• Elisabetta Caracciolo

La classe non è acqua: Laia Sanz torna nel trial e dimostra tutta la sua stoffa da campionessa

Una vittoria il sabato e una seconda posizione domenica. In Italia, per la precisione in Carnia, a Tolmezzo. E' qui che il nuovo capitolo della leggenda di Laia Sanz nel trial, in assoluto la più grande campionessa della storia di questo sport, si è aperto. La pilota KH-7 dopo otto anni di assenza dal Mondiale Trial ha saputo tener testa alle più giovani e più agguerrite avversarie e se ne torna a casa con una prima posizione nella classifica di Campionato, parimerito con Emma Bristow (30 anni, GB). "E' stato un fine settimana positivo - ha detto la pilota catalana, 35 anni - perchè tutto può ancora accadere. Devo solo ritrovare la forma e ho un ampio margine di miglioramento perchè questa è la mia prima gara dopo così tanto tempo".

Laia ha completato i due passaggi nelle 12 zone di gara con un totale di 31 punti in sella alla sua GasGas TXT ufficiale GP 300, solo 10 più di Emma Bristow, la pilota inglese sabato seconda e domenica prima. Laia era partita benissimo anche domenica ma poi ha cominciato ad accusare la stanchezza "Non mi posso certo lamentare, anzi, sono molto felice. Sabato ho commesso qualche errore di cui mi sono resa conto, ma sono riuscita comunque a vincere. Domenica invece non sono stata benissimo e mi sono accorta che ero molto stanca perchè ovviamente non ho ancora l'allenamento e la preparazione necessaria per due gare di trial a questo livello. La testa diceva una cosa, ma il corpo ne faceva un'altra, però sono riuscita ugualmente a finire seconda".

La prossima sfida intanto per la catalana sarà il 3-4 luglio a Charade, nel Trialgp di Francia e la seconda prova del calendario avrà un formato diverso dato che, invece di disputare due gare, ci sarà solo una gara di qualifica.

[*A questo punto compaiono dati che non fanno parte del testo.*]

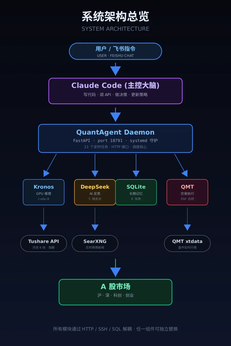 图 1 · 系统架构总览。Claude Code 是真正写代码 / 改策略的人, QuantAgent 是 24 小时跑在服务器上的守护进程。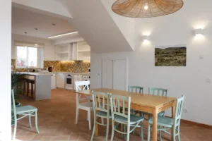 - La cuisine, entièrement équipée, comprend un grand frigo avec congélateur, une plaque à induction avec hotte, un four à air pulsé, un four à micro-ondes, un lave-vaisselle et un lave-linge. Des chaises pour enfant sont disponibles sur demande. Depuis le jardin arrière, vous apprécierez l’ombre matinale et le soleil de l’après-midi.

Ma il Trial GP di Tolmezzo è stato particolare e bellissimo anche per altri piloti: Takahisa Fujinami, pilota della Repsol Honda ha vinto, a 41 anni, la seconda giornata di gara e anche per lui si trattava di un rientro dopo un lungo periodo di stop. Cinque anni, nel suo caso, lontano dai campi di gara dopo la sua ultima vittoria, in Francia, nel luglio 2016. Ieri è tornato sul podio aggiungendo al suo palmares la 34. vittoria di una tappa del Mondiale. Nonostante il caldo asfissiante nella giornata di domenica, Fujinami è andato in progressione, migliorandosi zona dopo zona. Grazie a questo risultato il pilota giapponese occupa la terza posizione nella classifica alle spalle del compagno di squadra, Toni Bou (34 anni), primo con un vantaggio di otto punti. "Sabato mi sentivo a mio agio sulla moto, ma i risultati non si sono concretizzati. In questi ultimi mesi - ha detto a fine gara il giapponese, Fujinami - mi sono allenato duramente e mi sono sentito molto bene in sella. Sabato non mi aspettavo di finire settimo, ma ho capito che avevo un buon margine di miglioramento. Quello che non mi aspettavo era di essere in grado di vincere oggi! Stavo cercando la vittoria, ma non al 100%. Sono molto felice. A 41 anni, non credo che nessuno se lo aspettasse, né la mia squadra, né Toni, e neanche io stesso. È stato fantastico riuscire a vincere. Mi sembrava di essere tornato al 2004, quando avevo 24 anni. Grazie mille a tutta la squadra per avermi sempre sostenuto e aiutato, questa vittoria è un regalo per tutti".

Bou aveva vinto alla grande la giornata di sabato ma il giorno dopo ha accusato la stanchezza e non è andato oltre un eccezionale, comunque, secondo posto assoluto. Il pilota del Team Repsol Honda lascia l'Italia in testa al mondiale "Domenica, nella sezione 6, mi sono fatto un po' male, ho fatto un errore e non riuscivo a fissare bene il piede, però non è andata male direi: ho ottenuto un ottimo risultato e spero di non essermi fatto male seriamente. Ho una quindicina di giorni per recuperare prima della prossima prova del Mondiale".

La classifica Mondiale Trial ora vede Toni Bou in testa con 37 punti contro i 32 di Adam Raga, i 29 di Fujinami e i 26 del nostro Matteo Grattarola.